- _EXERCISE BRIEF_
With the pictures excluded, output only the lines from the one containing "Wie schon im" through the last line of the entries, unchanged.

[Data excerpts]
╭──

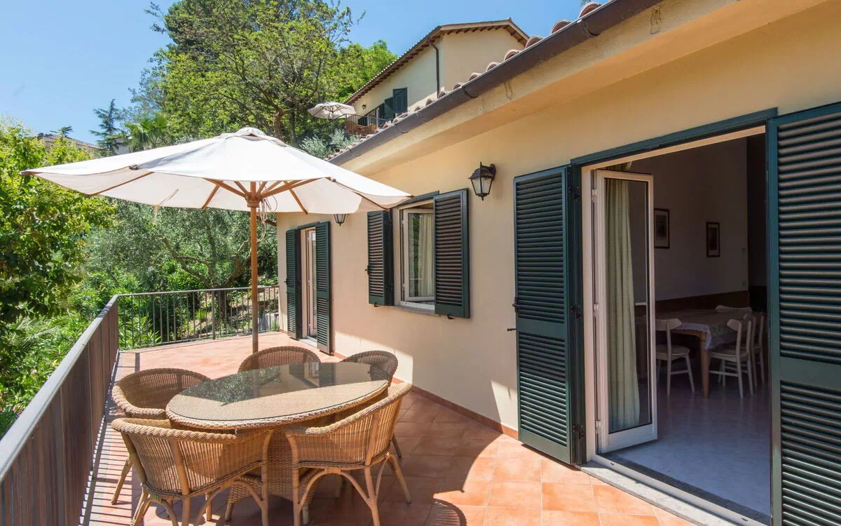 The Podere is situated in a lovely hilly landscape on the outskirts of Collevecchio (400 m above sea level) and 50 km from Rome (30min by car or train). It's in a wonderful position on the grounds of a 10 ha farm, but all the necessary services are within a short distance. The swimming pool with 2 showers (hot water) is for exclusive use of the guests and it is in panoramic position among oleander, palm and citrus trees. It has been totally renovated and consists of a main villa with 2 of our apartments and the owner's apartment and several outbuildings where there are 2 more apartments. All nicely furnished in country style, independent entrance and outdoor private area to dine al fresco. Inside the same grounds there are 2 detached houses: Il Melograno situated in panoramic position above the swimming pool and with a large private terrace, 33 m2 and Le Querce situated in a more secluded and panoramic position 30 m from the swimming pool, surrounded by a 300 m2 natural, enclosed garden with trees. Beautiful, rustic, comfortable farm estate "Il Podere", surrounded by trees. In a secluded, quiet, sunny position. For shared use: property (fenced), swimming pool fenced (6 x 14 m, depth 100 - 160 cm, 30.05.-30.09.). Shower/WC in the pool area, outdoor shower, garden furniture. In the complex: internet access, WiFi. Parking on the premises. Supermarket, restaurant 50 m, bus stop 100 m, railway station "Collevecchio" 4 km. Please note: animals in the neighbourhood.
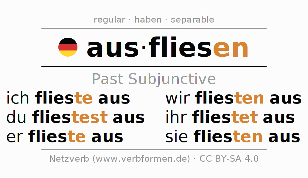 The conjugation of ausfliesen (tile) in subjunctive II is: ich flieste aus, du fliestest aus, er flieste aus, wir fliesten aus, ihr fliestet aus, sie fliesten aus. As a regular verb the unmodified stem flies is used. The subjunctive endings -te, -test, -te, -ten, -tet, -ten are appended to this stem. The prefix aus- of ausfliesen is separated. The conjugation of these forms conforms to the grammatical rules for verbs in the subjunctive II tense.
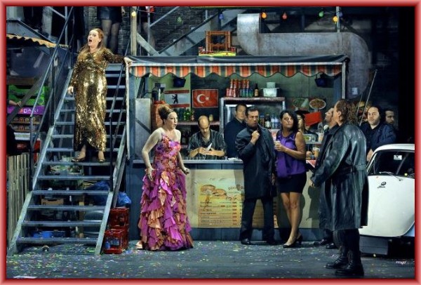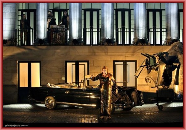 Wie schon im „Siegfried“ setzt Castorf auch hier erneut auf die Aufbereitung der DDR-Geschichte. Zusammen mit Aleksandar Denic (Bühnenbild) und Adriana Braga Peretzki (Kostüme) hat er das dramatische Geschehen im geteilten Berlin der 1980er Jahre vor der Wiedervereinigung angesiedelt. Der Alexanderplatz spielt in der „Götterdämmerung“ indes keine Rolle mehr. Das Ganze findet in einem Hinterhof in Kreuzberg statt, in dem man noch einen Teil der Berliner Mauer erblicken kann. Des Weiteren erschließt sich dem Blick die von S. Berthmann stammende Leuchtreklame des Kombinats VEB Chemische Werke „Plaste und Elaste aus Schkopau“. Hierbei handelt es sich um einen Slogan der ehemaligen DDR, der inzwischen Kultstatus genießt. Außerdem ist eine offenbar Sergej Eisensteins berühmtem Film „Panzerkreuzer Potemkin“ entsprungene riesige Freitreppe zu sehen. Diese Annahme findet ihre Bestätigung, wenn der bereits aus den vorangegangenen drei Inszenierungen bekannte, von Dramaturg und Regieassistent Patric Seibert dargestellte Allround-Statist einen mit Kartoffeln gefüllten Kinderwagen die Treppe hinabfährt. Später täuscht er böse die Rheintöchter. Blutüberschmiert stellt er sich tot und wird von ihnen kurzerhand in den Kofferraum ihres eleganten Mercedes-Cabriolets verfrachtet.
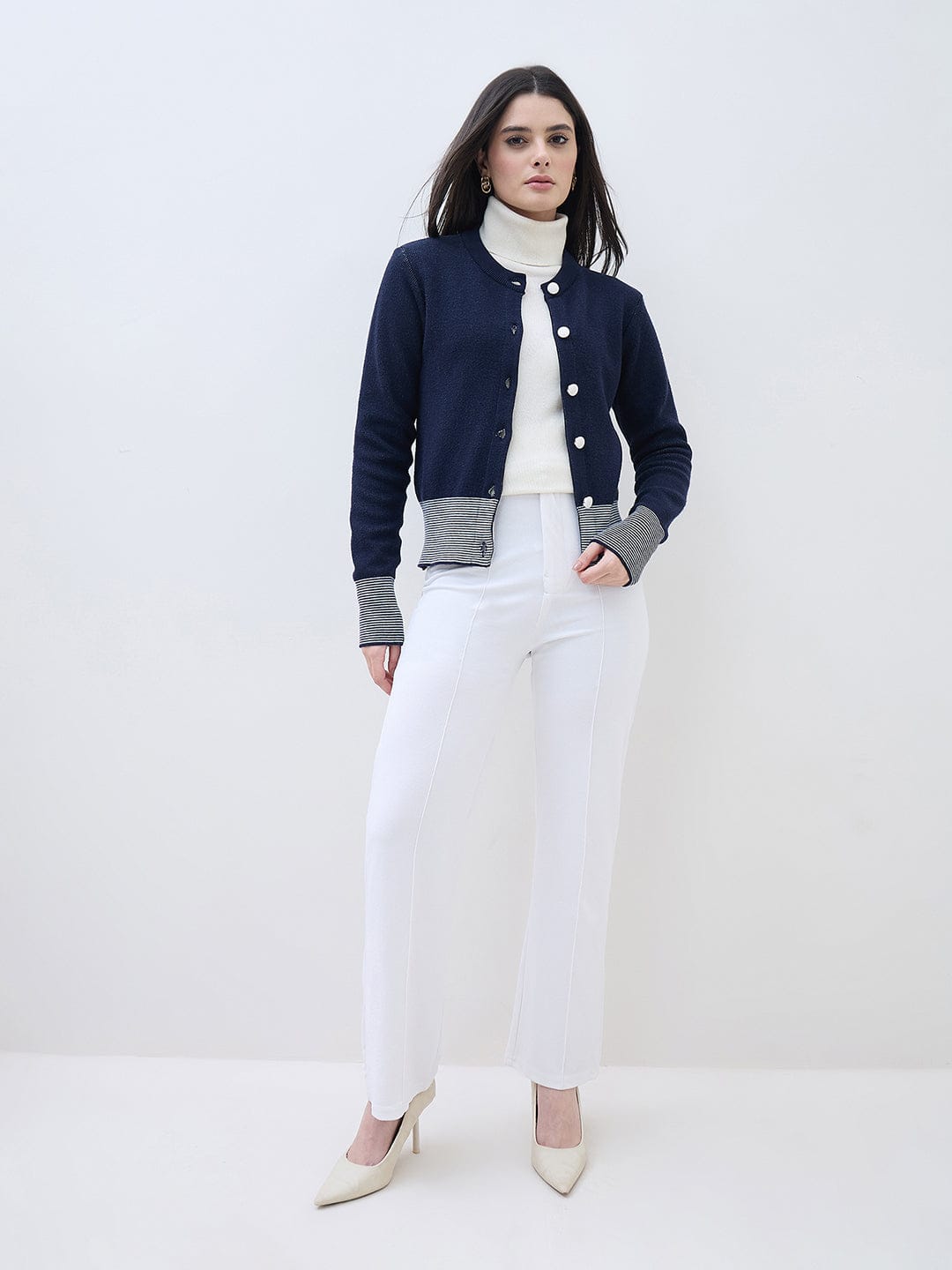 ELLE Women Multicolour Textured Crew Neck Sweater
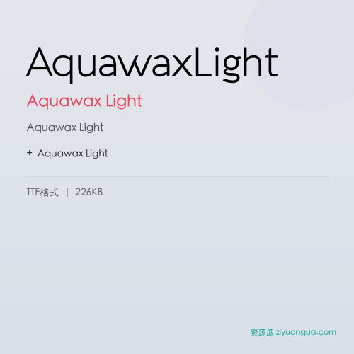 Aquawax Light是一款线条纤细优雅的中文字体。该字体在保持良好可读性的同时,兼具设计美感,是设计师字库中值得收藏的精品。
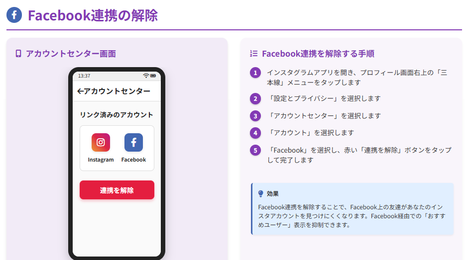 設定画面から「アカウントセンター」→「アカウント」と進み、Facebookとの連携を解除できます。これにより、Facebook経由でのアカウント発見リスクを減らせます。
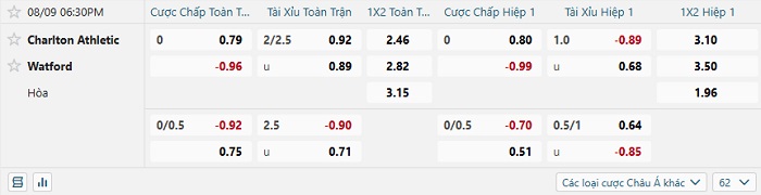 Tip kèo Châu Á full trận Charlton vs Watford
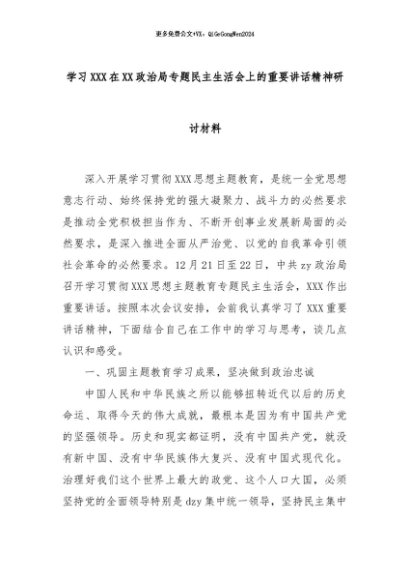 【七哥公文】2024年:学习XXX在XX政治局专题民主生活会上的重要讲话精神研讨材料+更多免费公文+VX:QiGeGongWen2024

╰──

- _OUTPUT FOR THIS TASK_
 Wie schon im „Siegfried“ setzt Castorf auch hier erneut auf die Aufbereitung der DDR-Geschichte. Zusammen mit Aleksandar Denic (Bühnenbild) und Adriana Braga Peretzki (Kostüme) hat er das dramatische Geschehen im geteilten Berlin der 1980er Jahre vor der Wiedervereinigung angesiedelt. Der Alexanderplatz spielt in der „Götterdämmerung“ indes keine Rolle mehr. Das Ganze findet in einem Hinterhof in Kreuzberg statt, in dem man noch einen Teil der Berliner Mauer erblicken kann. Des Weiteren erschließt sich dem Blick die von S. Berthmann stammende Leuchtreklame des Kombinats VEB Chemische Werke „Plaste und Elaste aus Schkopau“. Hierbei handelt es sich um einen Slogan der ehemaligen DDR, der inzwischen Kultstatus genießt. Außerdem ist eine offenbar Sergej Eisensteins berühmtem Film „Panzerkreuzer Potemkin“ entsprungene riesige Freitreppe zu sehen. Diese Annahme findet ihre Bestätigung, wenn der bereits aus den vorangegangenen drei Inszenierungen bekannte, von Dramaturg und Regieassistent Patric Seibert dargestellte Allround-Statist einen mit Kartoffeln gefüllten Kinderwagen die Treppe hinabfährt. Später täuscht er böse die Rheintöchter. Blutüberschmiert stellt er sich tot und wird von ihnen kurzerhand in den Kofferraum ihres eleganten Mercedes-Cabriolets verfrachtet.
 ELLE Women Multicolour Textured Crew Neck Sweater
 Aquawax Light是一款线条纤细优雅的中文字体。该字体在保持良好可读性的同时,兼具设计美感,是设计师字库中值得收藏的精品。
 設定画面から「アカウントセンター」→「アカウント」と進み、Facebookとの連携を解除できます。これにより、Facebook経由でのアカウント発見リスクを減らせます。
 Tip kèo Châu Á full trận Charlton vs Watford
 【七哥公文】2024年:学习XXX在XX政治局专题民主生活会上的重要讲话精神研讨材料+更多免费公文+VX:QiGeGongWen2024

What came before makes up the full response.